ECP has emerged as a potential biomarker in schizophrenia, contributing to the evolving understanding of immune dysregulation in this complex neuropsychiatric disorder. While primarily known for its role in eosinophil-mediated immune responses, recent investigations have explored its association with the inflammatory milieu observed in schizophrenia, offering insights into its potential utility as a biomarker for disease monitoring and characterization.[20,21] Studies examining peripheral biomarkers in schizophrenia have reported fluctuations in ECP levels in affected individuals. Elevated serum or cerebrospinal fluid ECP levels have been observed in some cases, indicating a potential link between ECP dysregulation and the inflammatory processes characterizing schizophrenia. However, inconsistencies across studies necessitate further research to validate and standardize ECP as a reliable biomarker for schizophrenia.[8,22]

The observed alterations in ECP levels in schizophrenia patients suggest its potential involvement in the inflammatory cascade associated with the disorder. ECP’s presence in the peripheral circulation or CNS might reflect underlying immune dysregulation and neuroinflammatory mechanisms.[23] Its correlation with the inflammatory milieu warrants exploration to determine its specific role and implications in schizophrenia pathophysiology. The potential utility of ECP as a biomarker in schizophrenia holds promise for disease monitoring and stratification.[24] Monitoring ECP levels could provide insights into the dynamic immune alterations occurring during the course of the illness, potentially aiding in disease characterization and identifying subgroups with distinct immune profiles, allowing for personalized treatment approaches. Despite the intriguing findings, several challenges need to be addressed before considering ECP as a validated biomarker in schizophrenia. Variability in ECP measurements among studies, potential confounding factors, and the need for standardized assays and larger cohort studies represent critical aspects requiring attention.[25,26]

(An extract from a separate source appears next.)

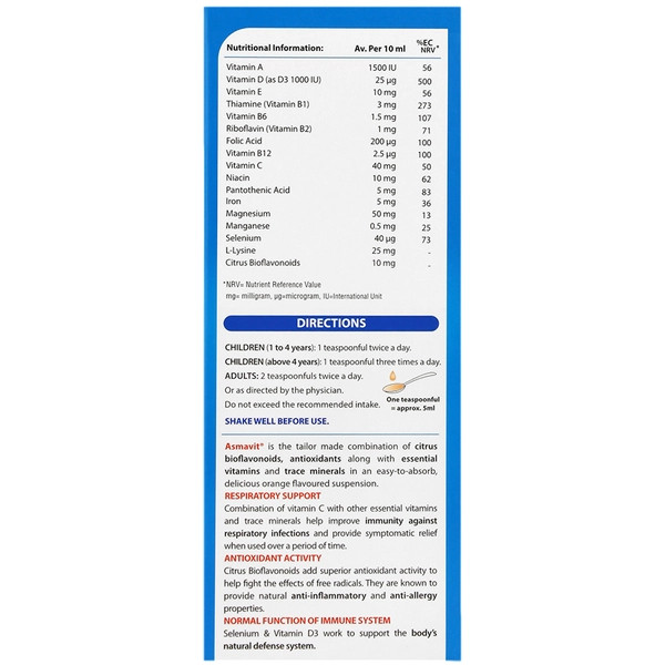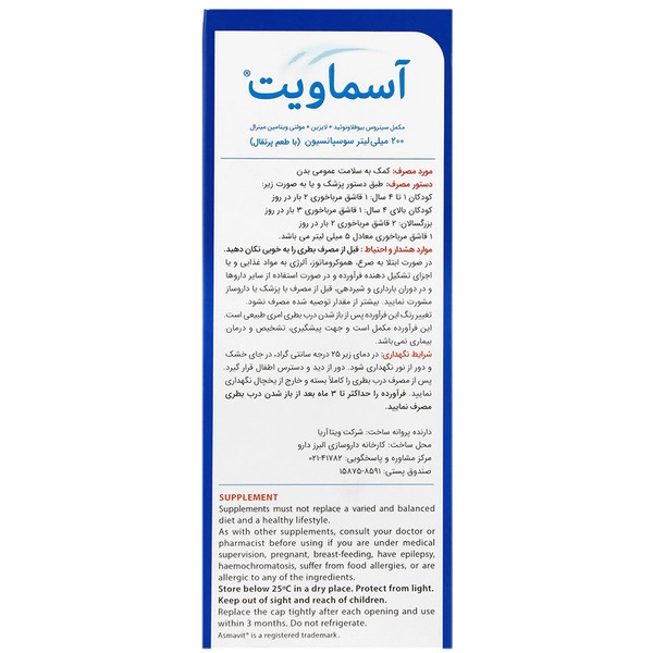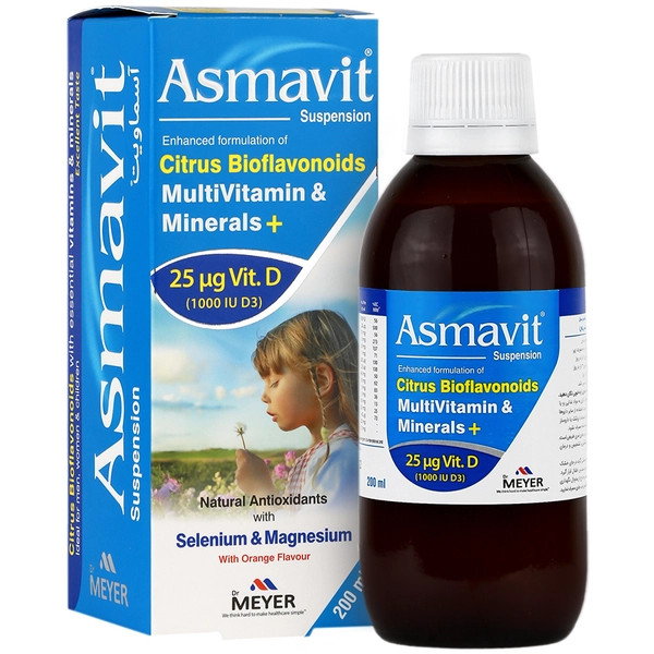 شربت Asmavit مکملی ویتامینی است که حاوی طیف گستردهای از ویتامین ها و املاح مورد نیاز می باشد. اگرچه این فرآورده به طور تخصصی برای کودکان طراحی شده است، اما با مصرف مقادیر بالاتر برای بزرگسالان نیزی قابل استفاده است.

7. Neuroinflammatory implications of eosinophil cationic protein

The implications of ECP in neuroinflammatory processes, especially within the context of neuropsychiatric disorders like schizophrenia, remain an area of active investigation. While traditionally recognized for its roles in immune responses and host defense, recent research has suggested a potential link between ECP and neuroinflammation, shedding light on its possible involvement in CNS-related pathologies.[27] Emerging evidence indicates that ECP, primarily released by activated eosinophils, might play a role in neuroinflammatory cascades within the CNS. Although the precise mechanisms remain unclear, the presence of ECP within the CNS or alterations in its levels in the cerebrospinal fluid (CSF) of individuals with neuropsychiatric conditions such as schizophrenia suggests its association with CNS inflammatory responses.[28]

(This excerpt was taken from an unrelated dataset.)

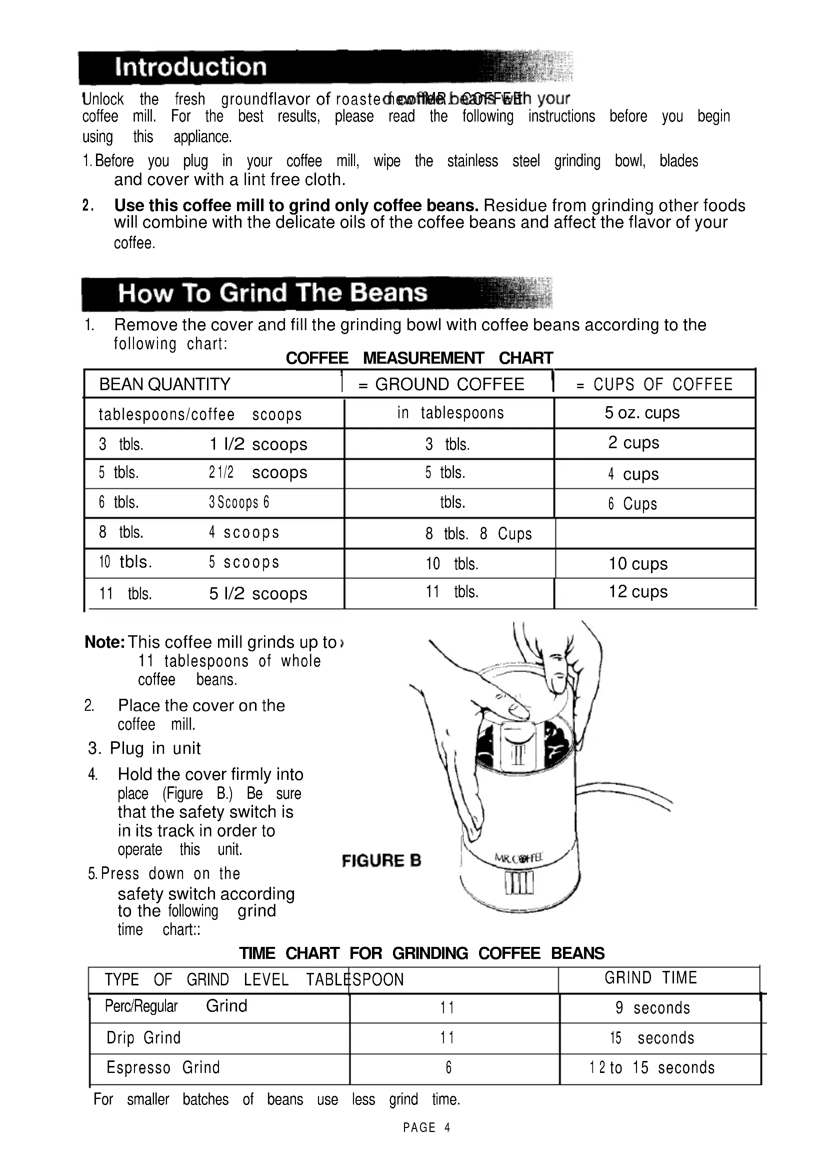 l/2 scoops 11 tbls. 12 cups Unlock the fresh ground flavor of roaste new MR. COFFEE coffee mill. For the best results, please read the following instructions before you begin using this appliance.

ECP’s cytotoxic properties, including its ability to interact with cell membranes and induce cellular damage, raise questions about its potential impact on neural cells. It might influence neuronal function, synaptic plasticity, or neuronal viability within the CNS, potentially contributing to neuroinflammatory processes and affecting the delicate balance of CNS homeostasis in neuropsychiatric disorders.[29] ECP’s release in the CNS might induce neurotoxic effects, triggering inflammatory cascades and exacerbating neuronal injury. Its interactions with glial cells or neurons could potentially promote the release of pro-inflammatory cytokines, such as IL-6 or TNF-α, amplifying neuroinflammatory responses and influencing disease progression in neuropsychiatric conditions.[30] ECP’s potential role in modulating the BBB warrants attention. Dysregulation of ECP levels or its interactions within the BBB might compromise barrier integrity, facilitating the entry of inflammatory mediators or immune cells into the CNS. This disruption could contribute to neuroinflammation and impact neuronal function, potentially contributing to the pathophysiology of neuropsychiatric disorders.[31] Understanding ECP’s involvement in neuroinflammatory mechanisms offers potential therapeutic implications. Strategies targeting ECP-related pathways or modulating its effects within the CNS might represent novel avenues for interventions aimed at mitigating neuroinflammation and ameliorating disease progression in neuropsychiatric conditions.

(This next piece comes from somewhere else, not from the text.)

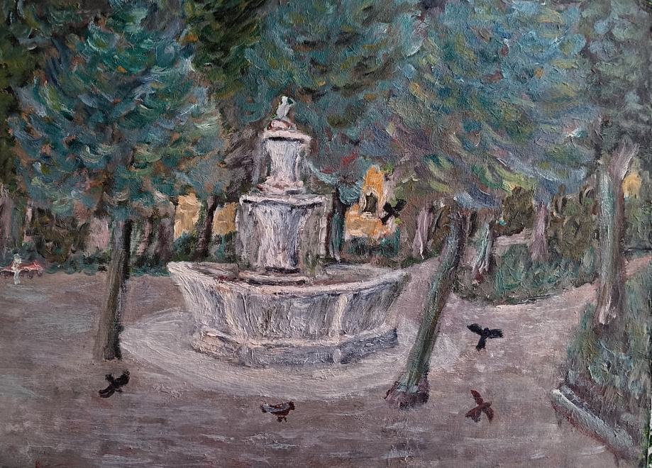 Splitski park Dzardin sa fontanom - ulje na kartonu , dim. 42 x 32 cm. Slika je iz '70 tih godina , bez potpisa.

8. Therapeutic implications and future directions

The exploration of ECP and its potential involvement in neuroinflammation within neuropsychiatric disorders, including schizophrenia, offers promising avenues for therapeutic interventions and future research directions. Understanding the implications of ECP in CNS inflammatory processes presents opportunities for novel therapeutic strategies and advancements in the management of neuroinflammatory conditions.

9. Therapeutic implications

Developing therapies that specifically target ECP or its downstream effects could potentially modulate neuroinflammation. Strategies aimed at regulating ECP release, neutralizing its cytotoxic effects, or interfering with its interactions within the CNS might offer avenues for therapeutic interventions.[32] Investigating compounds or interventions that dampen neuroinflammatory cascades triggered by ECP or its interactions might help mitigate neurotoxicity and neuronal damage in neuropsychiatric disorders. Strategies aimed at preserving BBB integrity and preventing dysregulation induced by ECP could be explored to limit the influx of inflammatory mediators into the CNS, potentially ameliorating neuroinflammation. Utilizing immunomodulatory agents targeting neuroinflammatory pathways influenced by ECP or immune dysregulation might offer therapeutic potential. These interventions could aim at restoring immune balance within the CNS.

10. Future directions and research focus

Further research is needed to delineate the precise mechanisms underlying ECP-mediated neuroinflammatory processes. Investigating ECP’s interactions with neural cells, its impact on neuronal function, and its contributions to neurotoxicity would provide crucial insights. Continuation of studies to validate ECP as a biomarker for neuropsychiatric disorders, including schizophrenia, is essential. Determining its specificity, sensitivity, and potential correlation with disease severity or treatment responses would enhance its utility.

Conducting well-designed clinical trials to evaluate therapies targeting ECP-related pathways or neuroinflammatory mechanisms is crucial. Investigating the safety and efficacy of potential interventions in patients with neuroinflammatory conditions could translate research findings into clinical applications. Utilizing preclinical models and translational approaches to study ECP’s effects in neuroinflammation will aid in understanding its role in disease pathogenesis and facilitate the development of targeted therapies. Exploring personalized treatment strategies based on individual immune profiles and ECP levels might offer tailored interventions for patients with neuroinflammatory disorders.

11. Conclusion

The exploration of ECP within the context of neuroinflammatory conditions, notably neuropsychiatric disorders like schizophrenia, presents a compelling area of research with significant therapeutic implications. ECP, traditionally recognized for its roles in immune responses and host defense, has emerged as a potential contributor to neuroinflammatory processes within the CNS. The evolving understanding of ECP’s involvement in CNS inflammatory cascades and its potential impact on neuronal function has sparked interest in its implications for neuropsychiatric conditions. Studies implicating altered ECP levels in schizophrenia suggest its association with the inflammatory milieu characterizing the disorder, opening avenues for considering ECP as a potential biomarker and therapeutic target.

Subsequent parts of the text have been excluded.